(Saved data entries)
+-------+

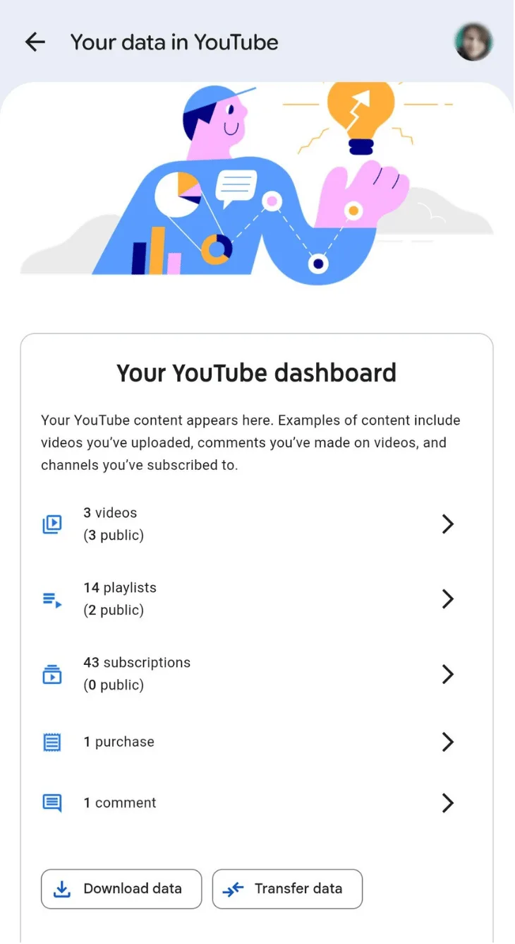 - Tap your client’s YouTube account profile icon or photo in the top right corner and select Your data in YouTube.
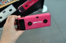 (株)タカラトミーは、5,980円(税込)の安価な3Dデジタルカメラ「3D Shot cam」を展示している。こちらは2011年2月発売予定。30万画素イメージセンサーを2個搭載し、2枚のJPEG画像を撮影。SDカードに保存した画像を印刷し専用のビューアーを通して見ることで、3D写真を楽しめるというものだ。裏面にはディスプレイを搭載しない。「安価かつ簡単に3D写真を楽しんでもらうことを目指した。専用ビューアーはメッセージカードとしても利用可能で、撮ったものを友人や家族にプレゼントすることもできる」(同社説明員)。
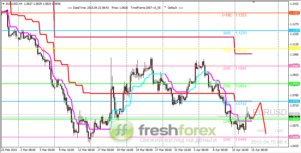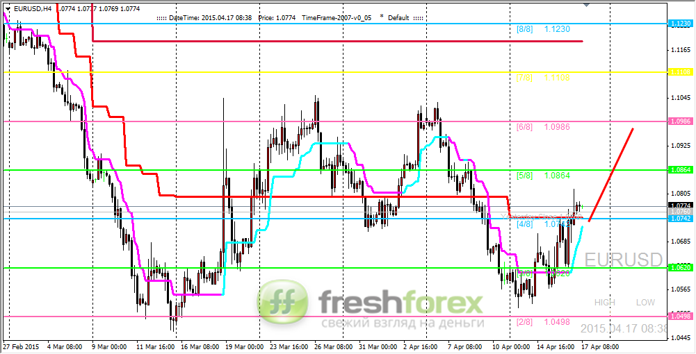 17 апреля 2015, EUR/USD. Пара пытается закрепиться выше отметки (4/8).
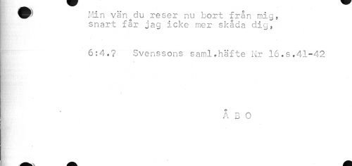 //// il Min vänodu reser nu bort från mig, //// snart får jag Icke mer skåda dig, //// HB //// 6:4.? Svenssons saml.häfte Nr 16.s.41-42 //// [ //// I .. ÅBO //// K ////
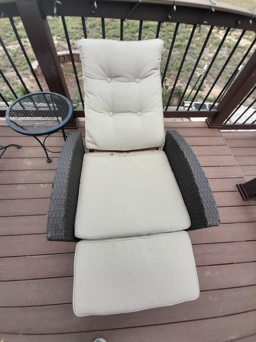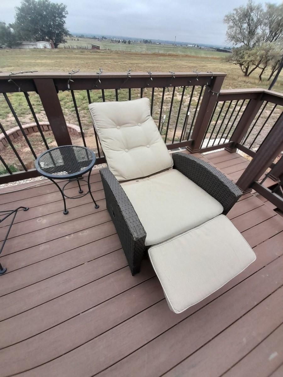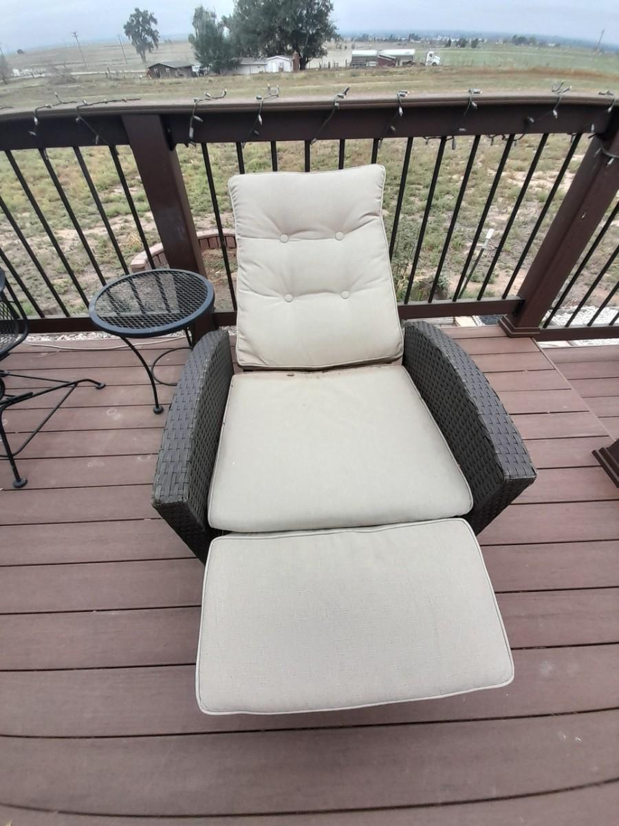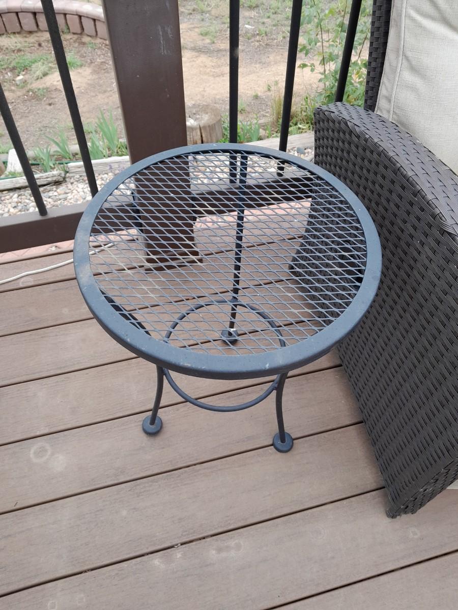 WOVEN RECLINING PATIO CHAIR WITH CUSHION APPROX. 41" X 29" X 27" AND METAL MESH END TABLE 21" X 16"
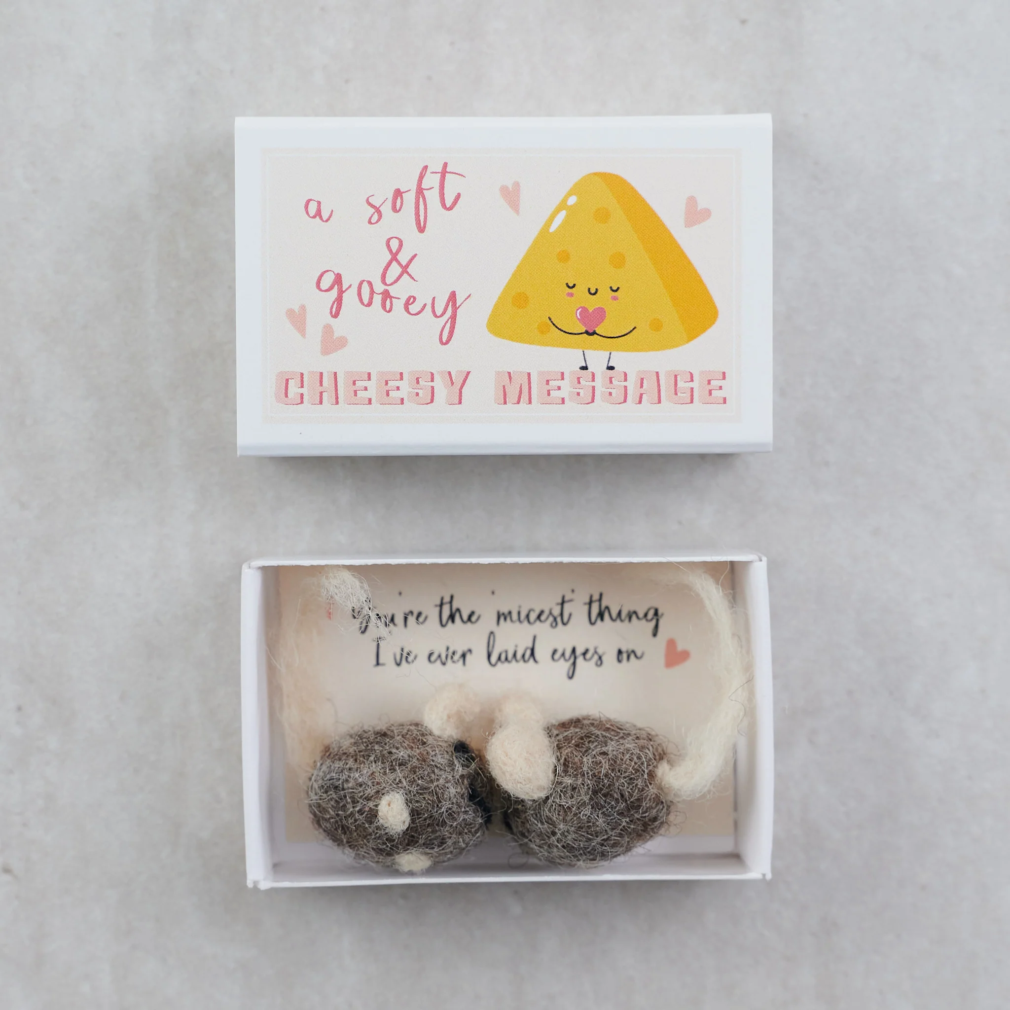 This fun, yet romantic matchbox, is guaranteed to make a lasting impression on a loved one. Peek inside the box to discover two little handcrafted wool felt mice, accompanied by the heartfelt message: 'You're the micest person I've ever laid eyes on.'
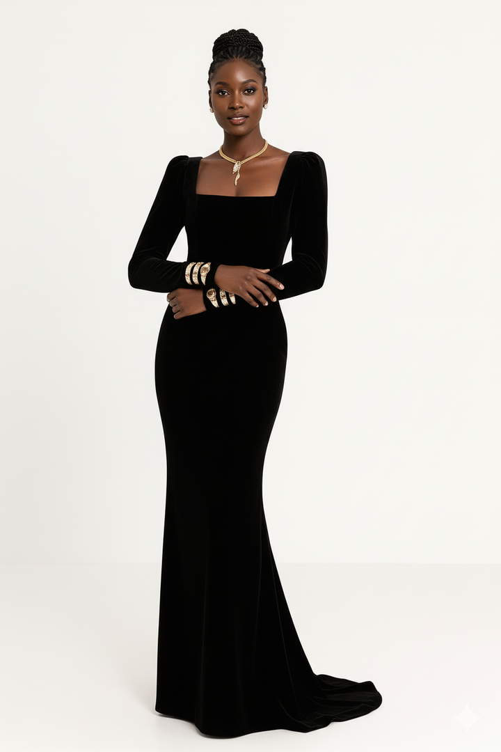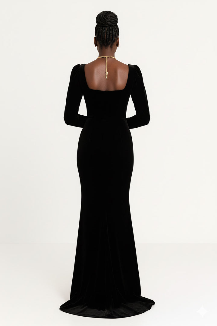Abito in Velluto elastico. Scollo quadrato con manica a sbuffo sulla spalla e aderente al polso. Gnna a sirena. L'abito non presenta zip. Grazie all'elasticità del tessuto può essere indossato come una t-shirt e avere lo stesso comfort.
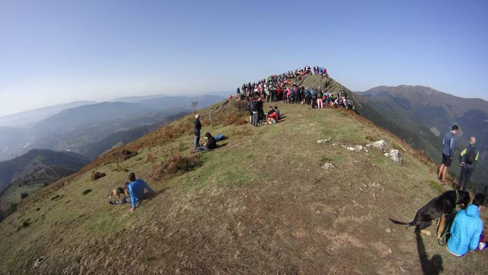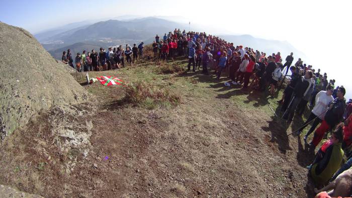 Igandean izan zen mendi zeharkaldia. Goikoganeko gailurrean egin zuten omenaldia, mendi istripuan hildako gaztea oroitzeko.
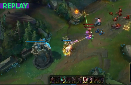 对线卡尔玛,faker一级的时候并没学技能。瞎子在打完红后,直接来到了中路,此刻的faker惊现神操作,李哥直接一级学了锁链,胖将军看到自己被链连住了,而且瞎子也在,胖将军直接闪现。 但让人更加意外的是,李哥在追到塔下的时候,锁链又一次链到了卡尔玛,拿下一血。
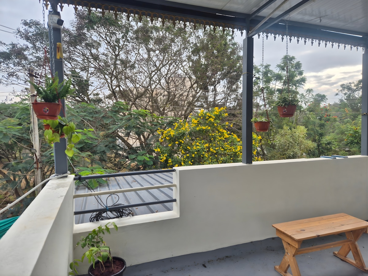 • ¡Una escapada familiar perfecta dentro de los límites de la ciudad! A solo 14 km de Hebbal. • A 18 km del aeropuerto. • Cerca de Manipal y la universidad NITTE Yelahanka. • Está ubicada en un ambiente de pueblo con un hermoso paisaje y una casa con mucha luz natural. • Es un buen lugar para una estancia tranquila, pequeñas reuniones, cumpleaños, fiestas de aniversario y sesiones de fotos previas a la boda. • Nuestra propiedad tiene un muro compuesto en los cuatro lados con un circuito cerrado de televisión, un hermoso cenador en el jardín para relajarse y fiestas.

+-------+

• The task:
Output the data exactly, pictures omitted.

• Task answer:
 - Tap your client’s YouTube account profile icon or photo in the top right corner and select Your data in YouTube.
 (株)タカラトミーは、5,980円(税込)の安価な3Dデジタルカメラ「3D Shot cam」を展示している。こちらは2011年2月発売予定。30万画素イメージセンサーを2個搭載し、2枚のJPEG画像を撮影。SDカードに保存した画像を印刷し専用のビューアーを通して見ることで、3D写真を楽しめるというものだ。裏面にはディスプレイを搭載しない。「安価かつ簡単に3D写真を楽しんでもらうことを目指した。専用ビューアーはメッセージカードとしても利用可能で、撮ったものを友人や家族にプレゼントすることもできる」(同社説明員)。
 17 апреля 2015, EUR/USD. Пара пытается закрепиться выше отметки (4/8).
 //// il Min vänodu reser nu bort från mig, //// snart får jag Icke mer skåda dig, //// HB //// 6:4.? Svenssons saml.häfte Nr 16.s.41-42 //// [ //// I .. ÅBO //// K ////
 WOVEN RECLINING PATIO CHAIR WITH CUSHION APPROX. 41" X 29" X 27" AND METAL MESH END TABLE 21" X 16"
 This fun, yet romantic matchbox, is guaranteed to make a lasting impression on a loved one. Peek inside the box to discover two little handcrafted wool felt mice, accompanied by the heartfelt message: 'You're the micest person I've ever laid eyes on.'
Abito in Velluto elastico. Scollo quadrato con manica a sbuffo sulla spalla e aderente al polso. Gnna a sirena. L'abito non presenta zip. Grazie all'elasticità del tessuto può essere indossato come una t-shirt e avere lo stesso comfort.
 Igandean izan zen mendi zeharkaldia. Goikoganeko gailurrean egin zuten omenaldia, mendi istripuan hildako gaztea oroitzeko.
 对线卡尔玛,faker一级的时候并没学技能。瞎子在打完红后,直接来到了中路,此刻的faker惊现神操作,李哥直接一级学了锁链,胖将军看到自己被链连住了,而且瞎子也在,胖将军直接闪现。 但让人更加意外的是,李哥在追到塔下的时候,锁链又一次链到了卡尔玛,拿下一血。
 • ¡Una escapada familiar perfecta dentro de los límites de la ciudad! A solo 14 km de Hebbal. • A 18 km del aeropuerto. • Cerca de Manipal y la universidad NITTE Yelahanka. • Está ubicada en un ambiente de pueblo con un hermoso paisaje y una casa con mucha luz natural. • Es un buen lugar para una estancia tranquila, pequeñas reuniones, cumpleaños, fiestas de aniversario y sesiones de fotos previas a la boda. • Nuestra propiedad tiene un muro compuesto en los cuatro lados con un circuito cerrado de televisión, un hermoso cenador en el jardín para relajarse y fiestas.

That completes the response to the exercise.